[Start of section]

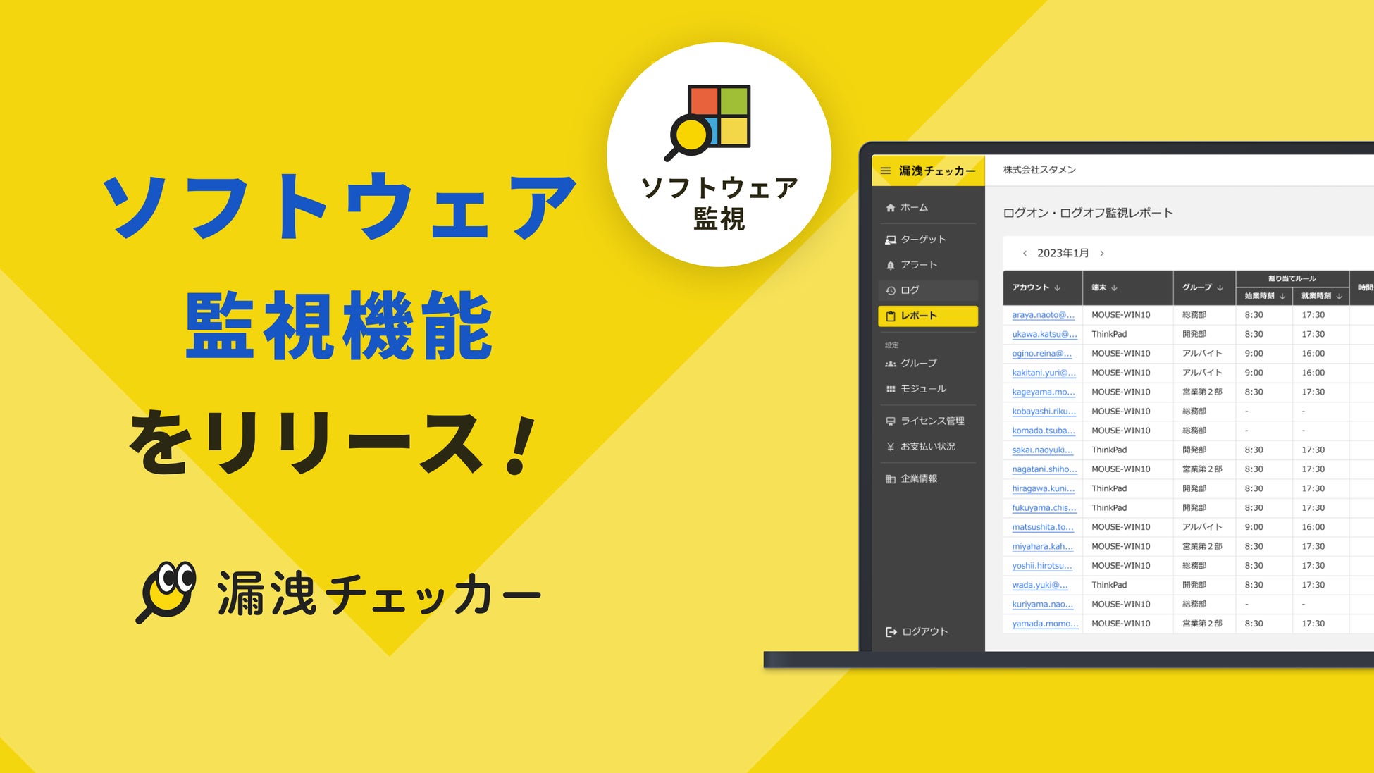 株式会社スタメン(東京本社:東京都千代田区、代表取締役CEO:大西泰平)は、クラウド型IT資産管理・操作ログ管理ツール「漏洩チェッカー」に新機能「ソフトウェア監視」をリリースしたことをお知らせいたします。
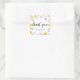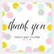 Colorido Pastel Confetti Dots Frame Gracias Pegatina Cuadrado | Enviar agradecimiento a los invitados por ser parte de su evento con este pegatina de personalizable. Esto se puede añadir a favores o tarjetas. El marco es de colores rosa, gris, azul y amarillo, con tipografía caprichosa.
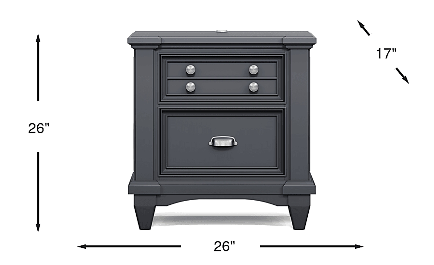 The charming Hilton Head nightstand is the perfect bedside companion for your child. Two drawers offer plenty of bedside storage and maintain a stylish appearance with metal hardware in an attractive nickel finish. The clean graphite finish makes this piece a must add to any kids' bedroom. Two built-in USB ports make sure the ability to charge devices is always available.
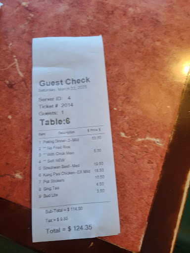 Read moreI havent been to Peking in a few years and wanted to have my fiance try it since he's never been, I will say the actual server was great and she did the best she could I think, with that being said I think there was some mis communication when we asked to sub a few items she stated there would be an up charge for the difference, not a problem... we ordered the Peking dinner thinking it's for 2 people since it states on the menu ( serving size 2 people) she explained we had to order 1 per person, so that was an auto $50 to start instead of $26.95,... she came back and confirmed the $5 up charge for 1 dish was 100% fine with... we get our food, which seemed to be way more them what we ordered... when she said I'll be back with more.... 😳 ummm ma'am what?! Fiance said it was ok. At least he gets to try 1 of almost everything... so the bill comes, and I'm looking at $124.... the cheapest thing on there was the 2 beers we ordered... this is rediclous and the menu needs to be updated and explained if you sub any items your gonna be charged for the whole dinner price not just a up charge for the difference also the wontons are not filled ones and are more like a fried chip...good food almond chicken was super bland..I also had 2 separate charges on my card this morning from them... so I will be reaching out about that... overall, I think the menu needs to be better worded so it's easily understandable on what you're ordering. I would have loved to be told that it would be the dinner charg and not just and up charg... the place inside hasn't changed in years, and the window blindes were covered in...

[End of section]

--- Task brief ---
Repeat the lines of the listing above verbatim, beginning at its first line and ending at the line containing "The charming Hilton", which is included. Omit pictures.

--- Output below ---
 株式会社スタメン(東京本社:東京都千代田区、代表取締役CEO:大西泰平)は、クラウド型IT資産管理・操作ログ管理ツール「漏洩チェッカー」に新機能「ソフトウェア監視」をリリースしたことをお知らせいたします。
 Colorido Pastel Confetti Dots Frame Gracias Pegatina Cuadrado | Enviar agradecimiento a los invitados por ser parte de su evento con este pegatina de personalizable. Esto se puede añadir a favores o tarjetas. El marco es de colores rosa, gris, azul y amarillo, con tipografía caprichosa.
 The charming Hilton Head nightstand is the perfect bedside companion for your child. Two drawers offer plenty of bedside storage and maintain a stylish appearance with metal hardware in an attractive nickel finish. The clean graphite finish makes this piece a must add to any kids' bedroom. Two built-in USB ports make sure the ability to charge devices is always available.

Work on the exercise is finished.